Cuando estas jóvenes cumplen 18 años y abandonan los centros no saben a dónde dirigirse, sobre todo si no han recibido los recursos necesarios para desarrollar habilidades y herramientas que les permitan desenvolverse de forma óptima. Y, si ya han sido sexualmente explotadas, en muchos casos vuelven a correr el mismo riesgo. “Las niñas están en la calle con gente mayor que ellas, que les ofrecen drogas para luego abusar sexualmente. Y esto se sabe, igual que se sabe que llegan y salen hipersexualizadas, ¿dónde se ve la educación con perspectiva feminista en estos centros? Estando tutelada tomas conciencia del lugar que te están dando en la sociedad, un lugar de parias; no te dotan de herramientas para salir a vivir en esta sociedad machista que cosifica y pornifica. ¿Qué herramientas les estamos dando para conocer las violencias, sobrevivir en este sistema y buscar un futuro digno para sí mismas?”, cuestiona Carol L. Sin un sistema de protección pública y con un inexistente soporte familiar, en muchos casos cumplir la mayoría de edad supone quedarse solas.

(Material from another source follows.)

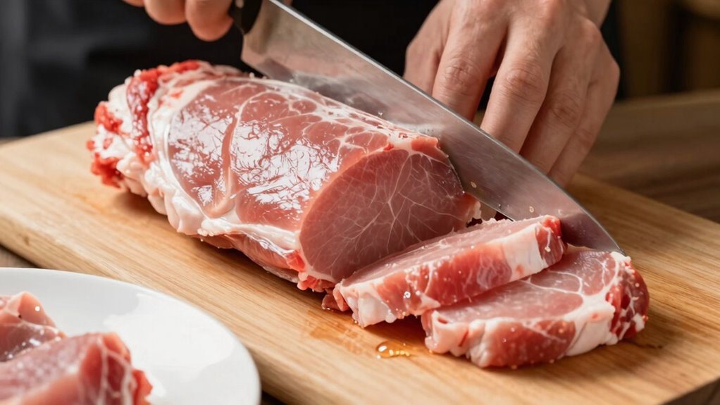 Once trimmed, you can decide how to slice your tenderloin based on your recipe or preference. For even cooking and presentation, slicing against the grain is key. This technique shortens the muscle fibers, resulting in tender, bite-sized pieces. For roasts, you might leave the tenderloin whole, but for stir-fries or sandwiches, sliced thinly. When slicing, keep your knife at a slight angle and make smooth, steady cuts. This not only enhances presentation but also helps your pork cook uniformly, preventing overcooking on the edges while the center remains underdone.

Noemí Pereda, doctora en Psicología por la Universitat de Barcelona, especializada en victimología del desarrollo en el ámbito del maltrato y el abuso sexual infantil, explica que el peligro para estas menores se fragua con anterioridad. “El riesgo de explotación sexual de las niñas y niños que se encuentran en el sistema de protección empieza en su familia de origen. El principal factor de riesgo es haber sido víctima de abuso sexual por parte de sus cuidadores o personas cercanas. Se desarrolla lo que se ha denominado una ‘identidad de prostituta’ que las hace valorar el sexo, el dinero, su cuerpo, la violencia, etcétera, de un modo muy distinto a la valoración que lleva a cabo una niña o niño que no ha vivido esta experiencia. Así que si realmente queremos evitar la explotación sexual de menores, hay que prevenir la violencia y el abuso sexual infantil en las familias”, afirma. Considera que es necesario estructurar un buen trabajo de prevención a escala estatal. “Negando el problema, no va a solucionarse. Hay que hacer formación especializada para los profesionales, crear protocolos de actuación para saber qué hacer ante sospechas de explotación, hay que crear un instrumento de detección basado en los factores de riesgo que conocemos, hay que analizar cada fuga del centro, profundizar en los motivos que llevan a irse, colaborar con los cuerpos y fuerzas de seguridad del Estado, crear programas de atención e intervención a víctimas de la explotación. Se trata de abrir los ojos ante el problema que tenemos, invertir recursos y tener un plan de acción nacional”, añade.
Acoger en familia
Conscientes de la necesidad de impulsar otros caminos para una protección de la infancia, la convivencia con familias en hogares de acogida es una opción, a priori, más amable. Los datos de la Asociación Estatal de Acogimiento Familiar (ASEAF) revelan que, en el ámbito estatal, en 2019 había más de 23.000 personas menores de edad tuteladas en centros y más de 19.000 en acogimiento familiar, es decir, hay 4.000 más en instituciones que viviendo en un hogar. Aunque la ley de protección de la infancia y la adolescencia, modificada en 2015, incluye la necesidad de priorizar este recurso frente a los centros, la realidad es que la mitad de los niños y niñas que acceden al sistema público de protección lo hacen directamente a un medio residencial.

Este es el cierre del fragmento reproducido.